重组amelogenin肽促进早期釉质龋的补充矿质陷阱:一个在体外研究
- 1郑州大学第一附属医院,郑州,中国
- 2口腔学学院、郑州大学、郑州,中国
摘要目的:探讨重组的监管效果amelogenin肽陷阱的补充矿质早期釉质龋的病变。
方法:48牛牙釉质块准备初始损伤在体外被随机分成四组12天浸泡治疗:1)remineralizing介质;2)研究了肽1(的N - c终端组成的猪amelogenin) + remineralizing介质;3)研究了肽2(陷阱)+ remineralizing介质;4)氟+ remineralizing媒介。去矿化作用和补充矿质浸泡后,每个样品的平均矿物损失和损伤深度测量用微型电脑断层扫描(ct机)。损伤深度的变化(∆LD)和矿物获得(∆Z)补充矿质后计算。牙釉质样本然后切成段,用偏光显微镜(PLM)检查。横截面形态由扫描电子显微镜(SEM)观察。分析了晶体相x射线micro-diffractometer (XRD)。钙结合属性使用等温滴定测定量热法(ITC)。
结果:ct机分析显示显著减少矿石损失后的四组补充矿质治疗(p< 0.05)。氟化物治疗导致最大的∆Z和∆LD,而治疗remineralizing介质显示至少∆Z和∆LD在所有组。∆Z和∆LD的肽研究1和研究了肽2组大于remineralizing媒介集团的那些。

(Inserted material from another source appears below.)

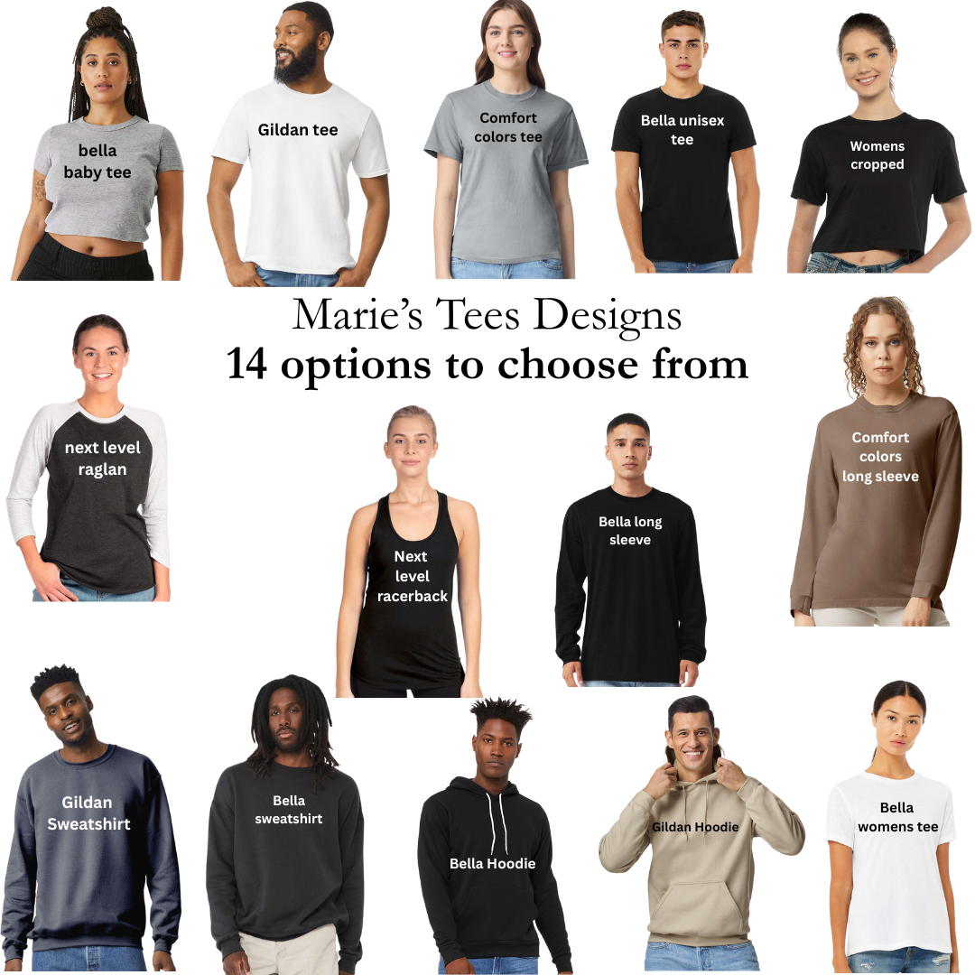 - Adult Options- Unisex Tee, Women's Racerback Tank, Unisex Long Sleeve, Unisex Sweatshirt, Unisex Hoodie, Unisex Raglan, Women's Tee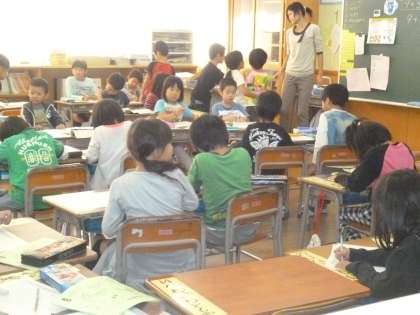 一年生のクラスでは、先生のお話をしっかり聞いている先輩たちがいました。

然而,没有明显区别肽研究1和研究了肽2组(p> 0.05)。所有的样品,分析了PLM有增厚的表层。消极的双折射乐队改变病变的身体。矿物质形成的扫描电镜显示所有四组的样本。XRD结果表明,补充矿质的产品研究肽的羟磷灰石晶体(HA)。ITC显示有两个绑定模式之间的钙和肽陷阱。
结论:本研究证实重组amelogenin肽陷阱的潜力作为一个关键功能的主题amelogenin蛋白质搪瓷补充矿质和提供了一个有前途的生物材料的补充矿质初始釉质龋的病变治疗。
介绍
蛀牙釉质是一种独特的疾病的牙齿硬组织软化,溶解指出由细菌或其他无菌酸性攻击,这是一个重大的公共卫生问题和全球人口中非常普遍的疾病(Selwitz et al ., 2007)。搪瓷成熟之后,不再有一个源生产搪瓷结构单元,它不再是可供自然搪瓷损坏或破坏组织的再生。由于缺乏治疗的细胞修复机制,釉质龋组织依赖于物理化学修复的过程。策略涉及生物玻璃(Bakry et al ., 2014)、钙磷酸盐(科克伦et al ., 2010)和氟化(Majithia et al ., 2016)已经申请了搪瓷再生。氟化,特别是被广泛用于治疗龋齿。然而,氟化再生的矿物晶体在腐烂的病变是无序的。此外,氟可以通过曝光过度(可能是有害的李,2003)。新型生物材料的发展,可以安全地促进龋的病变补充矿质是一个新兴的方法。矩阵的搪瓷仿生补充矿质策略,材料介导的合成HA通过与蛋白质的相互作用或无机材料,被广泛研究王et al ., 2017)。
在牙釉质形成的阶段,造釉细胞组成的细胞表达和分泌釉质细胞外基质蛋白质主要amelogenin和其他蛋白质,包括enamelin ameloblastin和蛋白酶(巴特利特et al ., 2006)。Amelogenin,构成了超过90%的细胞外基质蛋白(大镰刀刀柄,2003),主要由三个功能域:富含酪氨酸amelogenin肽(陷阱),这是疏水性;核心域(包括脯氨酸和谷氨酰胺);和一个亲水糖基(康纳利et al ., 2016)。它已经证明了长篇amelogenin N和c端域对牙釉质的形成至关重要的矿物质。自组装成“簇”或连锁结构主要是由n端结构域。磷灰石晶体必须指向平行对齐在体外通过c端域(王et al ., 2020)。
因为它的仿生矿化能力,搪瓷仿生补充矿质策略使用amelogenin被广泛研究。Diez-Garcia et al。(2022)amelogenin,离子交换树脂(含有钙、磷、氟、锌等离子体),和人工唾液对牛的牙齿成新产品,并发现它诱导牙补充矿质形成氟磷灰石,哪个更耐酸和有可能促进长期补充矿质。我们之前的研究发现,一个amelogenin合成肽(的N - c终端组成的猪amelogenin)诱发早期釉质龋的补充矿质。这一行动机制,肽可能作为监管因素和钙离子载体直接晶体形成的有序数组(楚et al ., 2018)。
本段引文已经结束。